Hint: When you start tccg, if you have made a mistake there may be useful error messages, which appear between "Loading grammar from URL: ..." and "Grammar ass-1 loaded". If you get stuck, try consulting the Rough Guide to OpenCCG.

In some questions, we have specified a name for a category, or specific semantics for you to aim for in your answers. You may disagree with our choices, but that's ok, because in OpenCCG there are often many ways to do the same thing. Ours may not even be the best way, but please follow the instructions where specified, and don't spend too much time worrying about alternative category names or semantics.

PLEASE READ THROUGH ALL THE QUESTIONS BEFORE STARTING.

And last but not least, remember that we're only interested in your work, not anyone else's submitted under your name.

1. Adding sentential conjunction (15 marks)

Currently, the grammar is capable of generating sentences with conjoined subject NPs, for example "Giovanni's and Dario's serve cheap Italian food". Please extend the grammar so that it can generate sentences involving two conjoined sentences, for example "Giovanni's rocks and Dario's serves cheap food". You should do this by adding a second entry element to the lexical family conjunction.

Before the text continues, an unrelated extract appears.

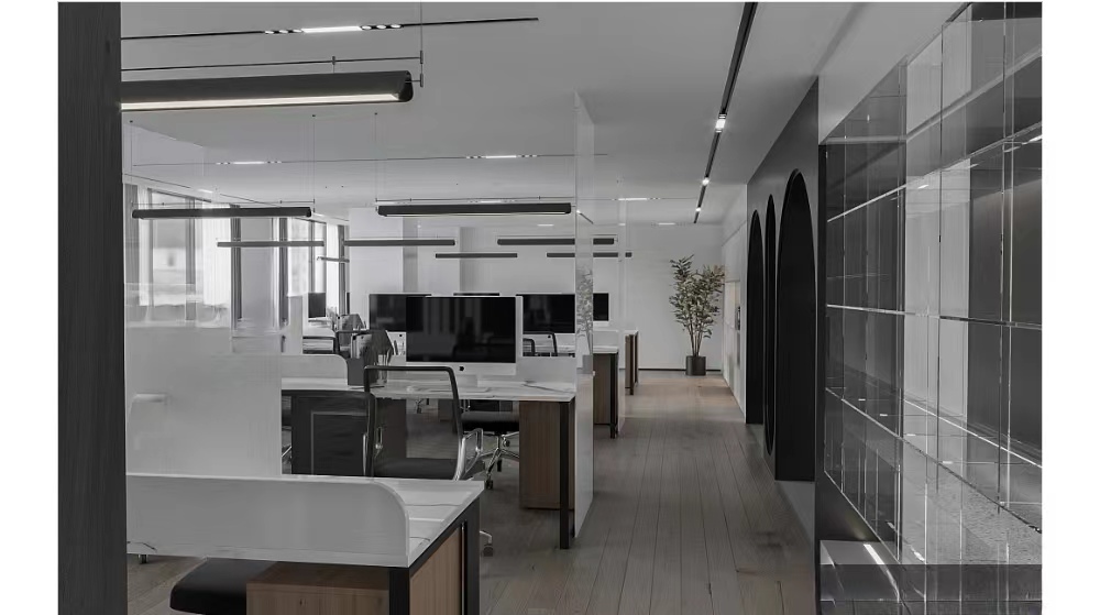 简约家具:选择线条简洁、造型大方的办公家具,如黑色或深灰色的金属或木质桌椅。这些家具既符合整体风格,又具有实用性。在空间中适量添加一些简约的装饰元素,如黑白灰的挂画、摆件或植物。这些元素既能提升空间的美感,又能增添个性化氛围。

Your grammar should assign the following semantic representation to the sentence "Giovanni's rocks and Dario's serves food", where each sentence denotes a separate conjunct (you might want to draw the graph out on paper to make sure you understand what is going on):

  @w2(and ^ 
      <CONJ>(w1 ^ rock ^ 
             <ARG1>(w0 ^ Giovanni's)) ^ 
      <CONJ>(w4 ^ serve ^ 
             <ARG1>(w3 ^ Dario's) ^ 
             <ARG2>(w5 ^ food)))

2. Adding VP conjunction (20 marks)

Please extend the grammar so that it can generate sentences involving two conjoined verb phrases, for example "Giovanni's rocks and serves cheap food". Make sure you get subject/verb agreement to work out properly - it shouldn't generate sentences like "*Giovanni's rocks and serve cheap food".

The semantics you assign to VP conjunction should be the same as sentential conjunction, but you need to ensure that the subject is "shared" between the two. Thus, the semantics of "Giovanni's rocks and serves food" should be:

  @w2(and ^ 
      <CONJ>(w1 ^ rock ^ 
             <ARG1>w0) ^ 
      <CONJ>(w3 ^ serve ^ 
             <ARG1>(w0 ^ Giovanni's) ^ 
             <ARG2>(w4 ^ food)))

3. Adding adjective intensifiers (20 marks)

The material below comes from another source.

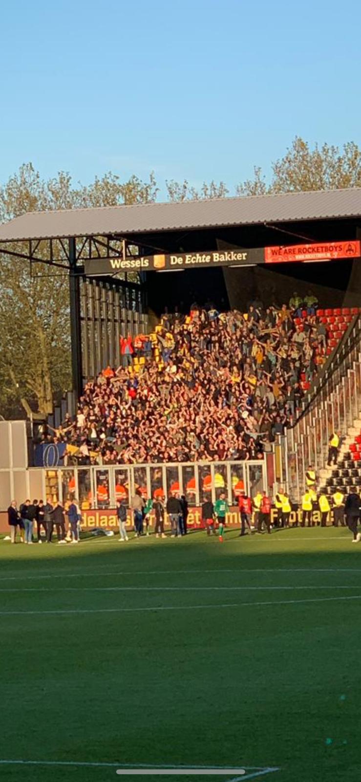 De supporters uit Deventer vonden het in aanloop na de return leuk om de spot te drijven met de Waalwijkse Cowboy. Het antwoord daarop volgde al snel, ruim 100 cowboys reisde samen met Donald af naar Deventer. Helaas moesten vele van ons door het omrijden de 0-1 missen. De rest van de wedstrijd was een grote emotionele rollercoaster. Virtueel Eredivisie, dan weer niet, dan weer wel en dan een minuut voor tijd toch weer niet. We horen de stadionspeaker nog roepen dat alle supporters moeten wachten tot het signaal daar is om het veld te betreden. Mooi niet, zal Spierings gedacht hebben, ik jaag die bal nog één keer op doel, BINGO! JAAAAA, JAAA en nog eens JAAA, ik zie mensen vallen, springen, huilen en elkaar omhelzen. Nog een keer aftrappen, de bal wordt opgevangen en krijgt een peer na voren, waar Bilate staat te wachten en 1 op 1 naar de keeper gaat, penalty. Na afloop is het een groot gekkenhuis, op de terugweg wordt er zelfs iemand vergeten bij het tankstation. Aangekomen in Waalwijk lijkt het wel oud en nieuw: veel vreugde, vuurwerk en mensen die je al een tijdje niet meer hebt gezien (achja dat hoort erbij).

We now want to be able to generate sentences using adverbs like "very" or "really", which modify (or "intensify") adjectives. Examples of such sentences are "Giovanni's serves really cheap food" or "Giovanni's and Dario's serve very good Italian food". We want a phrase like "really cheap" to have a semantic structure which makes it clear that the adverb modifies the adjective, like this:

  @w1(good ^ 
      <MOD>(v1 ^ very))

Add the words "very" and "really" to the morphology file. Call your new lexical family adverb.

4. Restricting intensifiers to gradable adjectives (20 marks)

Adjectives in English divide into two groups - "gradable" adjectives and "non-gradable" adjectives. Ideally, we want words like "very" and "really" only to intensify the gradable ones. For purposes of this assignment, assume that adjectives of nationality are non-gradable, and all the others are gradable.

Your job now is to modify your adverb lexical family to ensure that the grammar CANNOT generate noun phrases like "*very Italian food" or "*cheap very Indian food".

Define adjective macros @gradable and @non-gradable which introduce one of the following features to every atomic category of type 'A': (a) gradable: yes; or (b) gradable: no. Use the @singular and @non-singular macros on lexical nouns for inspiration. Then modify your adverb family to restrict the set of adjectives that "very" and "really" can combine with.

5. Ensuring correct adjective ordering (25 marks)

In English, some adjective orderings are acceptable whereas others are not. In our example domain, adjectives of nationality must always come after other adjectives. In other words, assuming the categories we have just defined, non-gradable adjectives must follow gradable ones. For example "cheap Italian food" is acceptable, while "*Italian cheap food" is not.

Your task in this question is to edit the OpenCCG grammar so that correct adjective ordering is preserved. You need to use the 'gradable' feature on atomic categories of type 'A' that you defined in question 4 to do this.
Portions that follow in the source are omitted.